Another Groups of Thermal Optimized Modulation Methods of Three-Level Neutral-Point-Clamped Inverter Under Low Voltage Ride Through:Loss and Thermal Performances

Loss and Thermal Performances

The loss distributions of the 3L-NPC wind power converter under LVRT when utilizing the optimized vector sequences O1, O2, and O1 + O2 (enabling the NP potential control ability) are compared in Fig. 13.4a, where Dcon and Tcon are the conduction loss in diode and IGCT, respectively, Dsw and Tsw are the switching loss in diode and IGCT, respectively. The comparison of thermal distribution is shown in Fig. 13.4b. It can be seen that, both of the optimized sequences O1 and O2 achieve the loss and thermal transferring from NPC diodes to other power devices, and sequence O2 shows the best thermal distribution performance because of the eliminated zero voltage level at maximum phase current. When alternating the sequences O1 and O2 in neighboring switching cycles to enable the NP


potential control ability, the loss and thermal performances are a tradeoff between the sequences O1 and O2.

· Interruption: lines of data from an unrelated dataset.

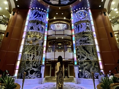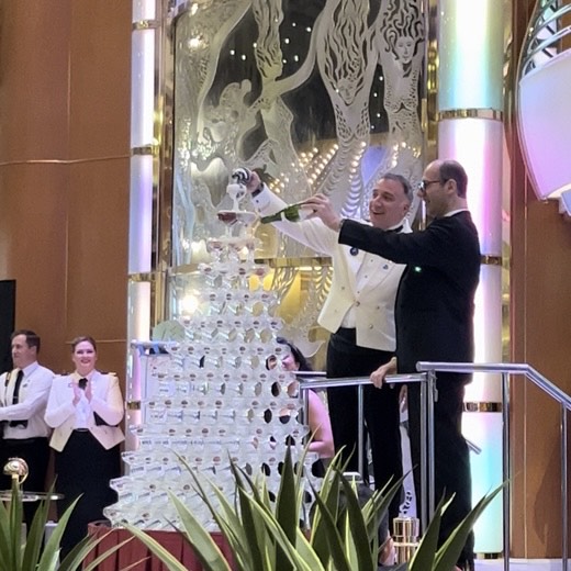 日本語のイベントリストに船長主催の乗船歓迎祝賀会とあるのがダイヤモンド・プリンセス名物の「ウェルカム・パーティー」いわゆるグラスタワーが登場するイベントですね。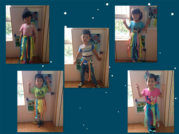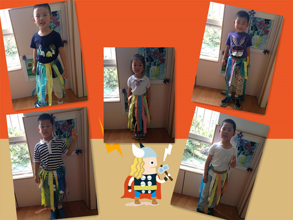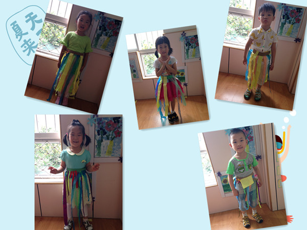 想不想看我们制作好的夏威夷草裙,那跟我一起走吧!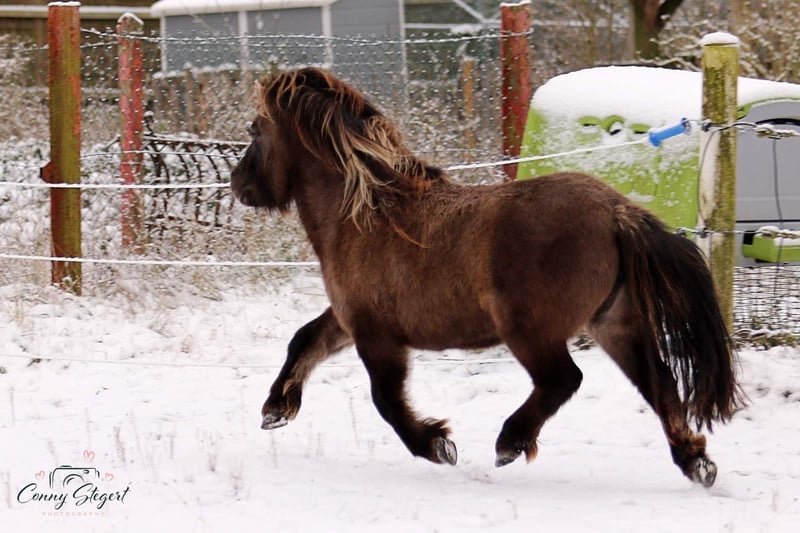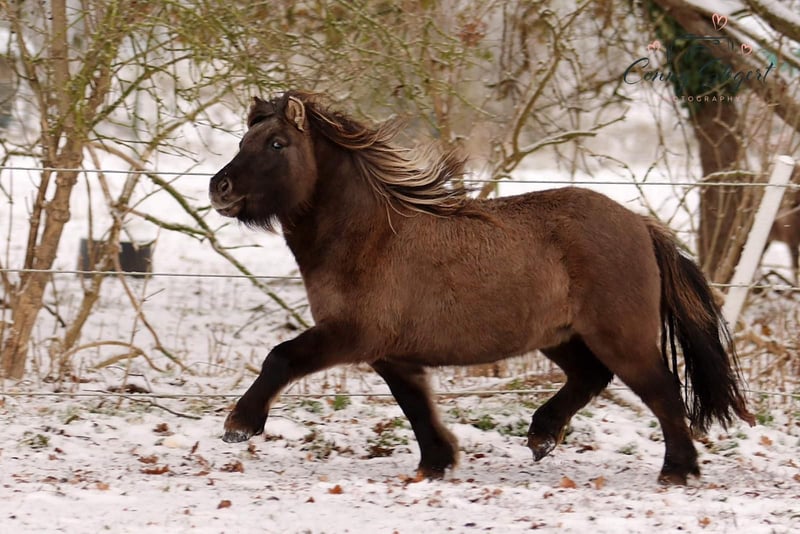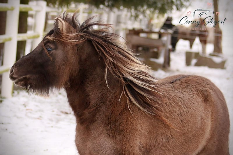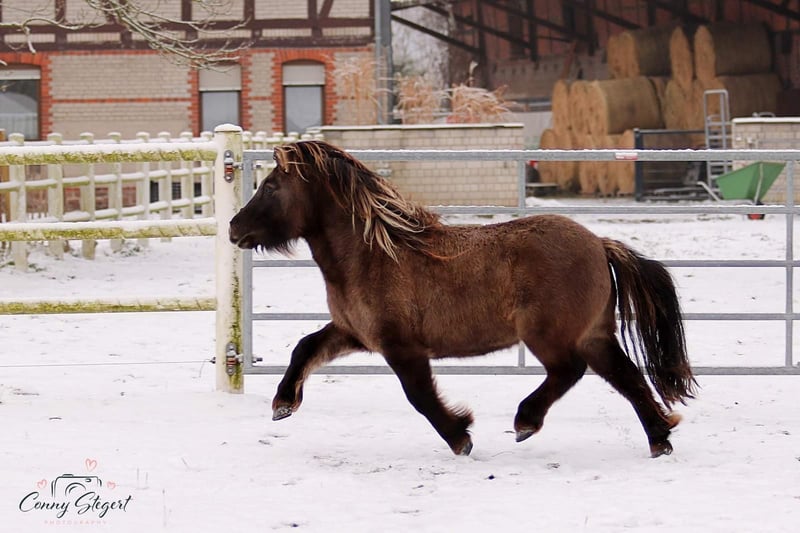 Trappelfööts Smiling Hope ("Smilie") is a charming, age-appropriate trained German Partbred Shetland Pony mare. She is eager to learn and very people-oriented. Her outstanding, elastic trot with lots of "bounce" is particularly noteworthy.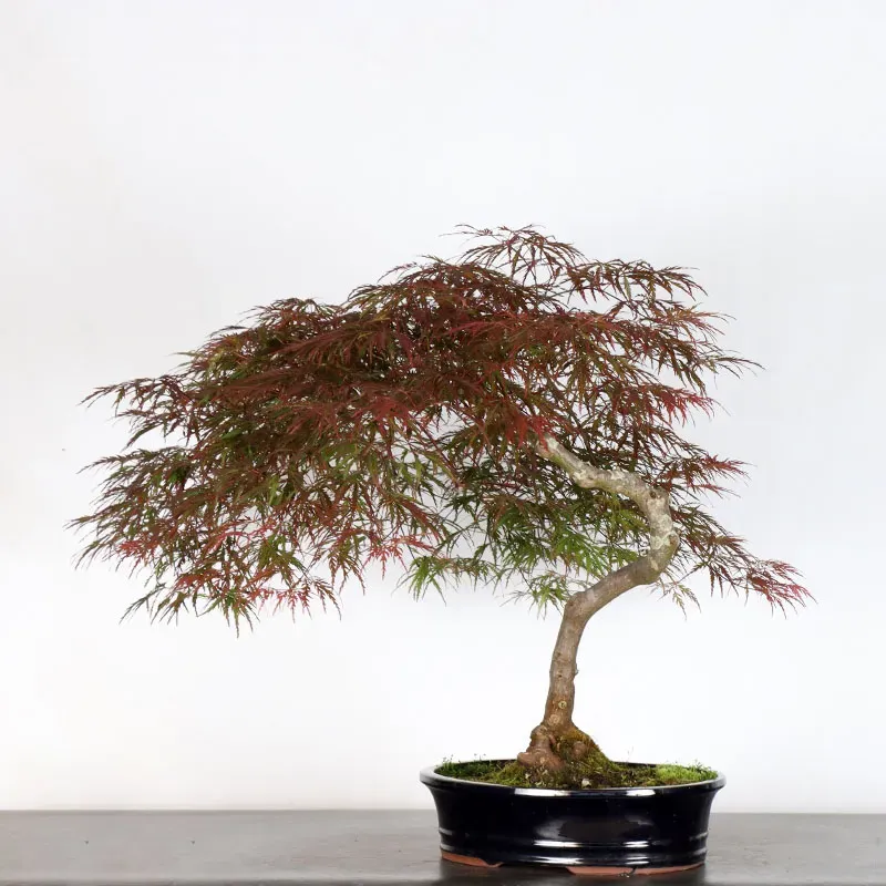 Le bonsaï érable du japon "Acer palmatum dissectum Red Garnet" est très intéressant en raison de son port retombant en cascade et de ses feuilles finement découpées changeantes au fil des saisons, passant du rouge/pourpre lumineux au printemps, puis vert en été, pour redevenir rouge vif à l’automne. Ils sont tous cultivés depuis plus de 30 ans chez nous en pépinière.

The dynamic thermal performance of 3L-NPC wind power inverter which goes from normal operation to extreme LVRT can be also simulated. The process is conducted as follows: the inverter is first operating under the normal grid voltage with normal modulation method, and the wind speed is set as 8 m/s with 3.2 MW output active power. Then the grid voltage dips to 0.05 p.u. for 500 ms, during this period both normal and optimized modulation methods are applied, respectively.


Afterwards the grid voltage recovers back to the normal operation status before the LVRT. The junction temperature of each power device when applying different modulation methods are shown in Fig. 13.4b, due to the effect of thermal capacitances, the junction temperature of each power device fluctuates with fundamental frequency.

As it can be seen, before the LVRT (simulation time 2 s), Dnpc is the most stressed device with 90 °C maximum junction temperature and 9 K temperature fluctuation amplitude. When LVRT is presented and normal modulation method is still applied, as shown in Fig. 13.5a, the maximum junction temperature in Dnpc significantly rise to 108 °C with 18 K fluctuation at the end of LVRT (simulation time 2.5 s). If the O1 + O2 optimized modulation method is applied, as shown in Fig. 13.5b, the maximum junction temperature in Dnpc keeps nearly unchanged and it is reduced by 22 with 8 K less fluctuation compared to the normal modulation. The junction temperature reduction may contribute to a lifetime extension of the converter according to, e.g., the well-known Coffin-Masson lifetime model.